Princeton resident David Bryant, who works on the grounds crew at Princeton Theological Seminary, was sent back to jail today after a judge ordered him back in custody.
Earlier this month an appeals court overturned the decision that led to Bryant’s release last year. Bryant, 57, served nearly four decades in prison for a crime he says he did not commit. He was convicted for the rape and murder of an 8-year-old Bronx girl and was freed from prison 14 months ago when a judge ruled that his public defender at the time had provided a poor defense.
The district attorney’s office in New York appealed the judge’s ruling, and on June 19, the Appellate Division overturned the decision. Prosecutors demanded today that Bronx Supreme Court Justice Seth Marvin reinstate Bryant’s conviction for the 1974 killing of Karen Smith.
Police found a semen stain on Smith’s clothes with type O blood; Bryant has type B blood. Bryant’s public defender never had his blood type tested and compared to the sample. Judge Marvin ruled last year that the lawyer’s failure to have Bryant’s blood type determined or consult with a serologist was the result of neglect and ignorance. But the Appellate Court ruled that Bryant received effective assistance of counsel under state and federal constitutional standards.
“Although there was a lack of physical evidence connecting defendant to the crime, his guilt was established on the basis of his voluntary statements to the police, the testimony of several witnesses placing him near the scene of the crime, and evidence indicating consciousness of guilt,” reads the court’s ruling. “Since defendant’s 80-year-old trial counsel testified that he had no memory of representing defendant at his trial in 1976, his inability to recall his reasons for not consulting a serologist or having defendant’s blood type tested did not establish that such actions were not rooted in strategic considerations.”
Back in 1974, Bryant , then 18, was arrested within a day after the body of Smith was found in the stairwell of a housing project. She had been beaten, raped, sodomized, and stabbed 11 times. Bryant said a confession was coerced from him by police after 12 hours of interrogation that included physical abuse. He was convicted and spent the next 38 years in Marcy prison in upstate New York.
He tried in vain to find someone to champion his cause, but then he learned about Centurion Ministries in 2002 and wrote the non-profit a letter. Centurion’s sole mission is to free the innocent from prison based on factual evidence. Centurion worked on the case and dug up the fact that Bryant’s blood type did not match the semen sample.

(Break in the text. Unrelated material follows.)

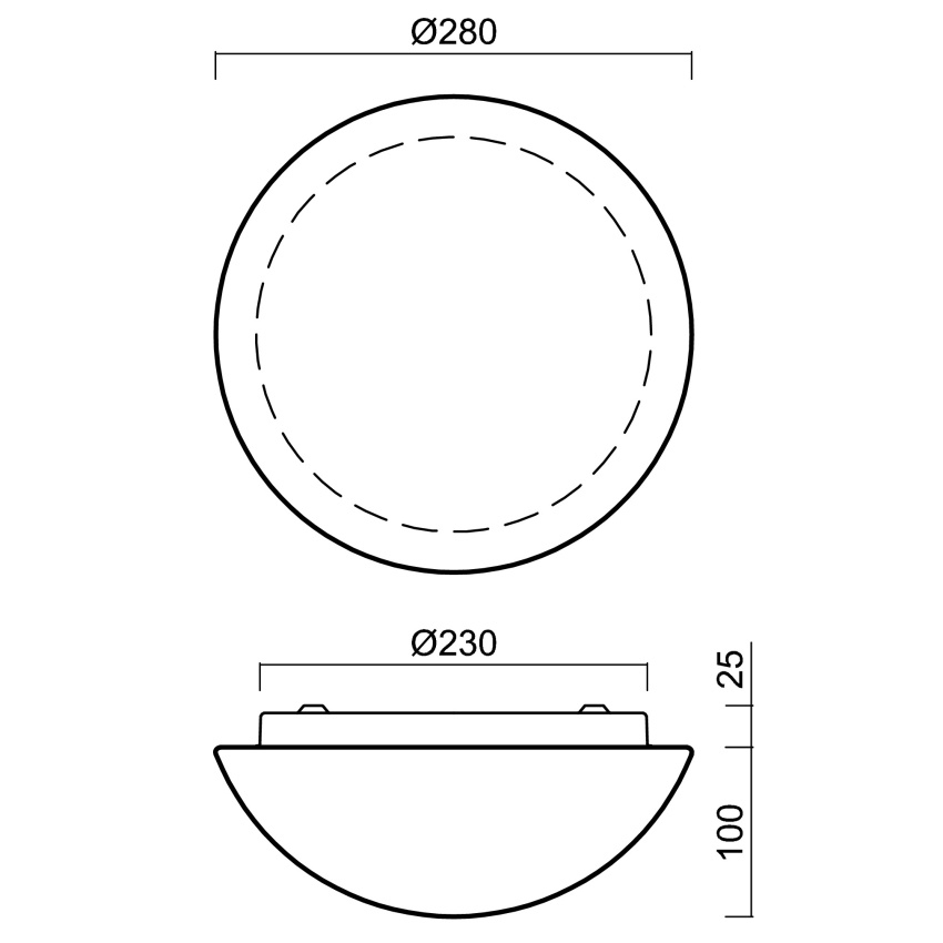 Bílé přisazené LED svítidlo s nouzovým kombinovaným provozem a stínidlem z třívrstvého skla TRIPLEX OPÁL. Příkon 11 W, světelný tok svítidla 1140 lm (200 lm v nouzovém režimu), teplota chromatičnosti 4000 K, CRI 80, měrný výkon 103 lm/W. Krytí IP43, rázová odolnost IK01. Nouzový modul s baterií LiFePO4, doba nouze 3 hodiny. Rozměry O280 mm, výška 120 mm. Montáž přisazená na strop nebo stěnu. Životnost LED L80/B10 100 000 h.

Prosecutors have claimed that the victim’s blood type was O and perhaps the eight-year-old’s vaginal secretions could have mixed with the semen, masking the blood type — a highly unlikely scenario. The semen sample can’t be tested for DNA, because the state allegedly is unable to locate the sample. All that remains is court testimony and an autopsy report that outlined the evidence related to the blood testing.

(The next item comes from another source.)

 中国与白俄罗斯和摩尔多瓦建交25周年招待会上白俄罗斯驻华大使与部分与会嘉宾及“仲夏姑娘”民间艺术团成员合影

Last week Bryant’s lawyer, Paul Casteleiro, filed an application to appeal the latest ruling. In the meantime, Bryant will have to wait for the hearing from prison. Bryant was sentenced to 25 years to life. Some have questioned why he was never paroled. Bryant went before a parole board seven times, and each time he was rejected. “A prisoner has to admit guilt and show remorse to be considered for parole,” Bryant told Planet Princeton yesterday. “I’m not going to admit to something I did not do.”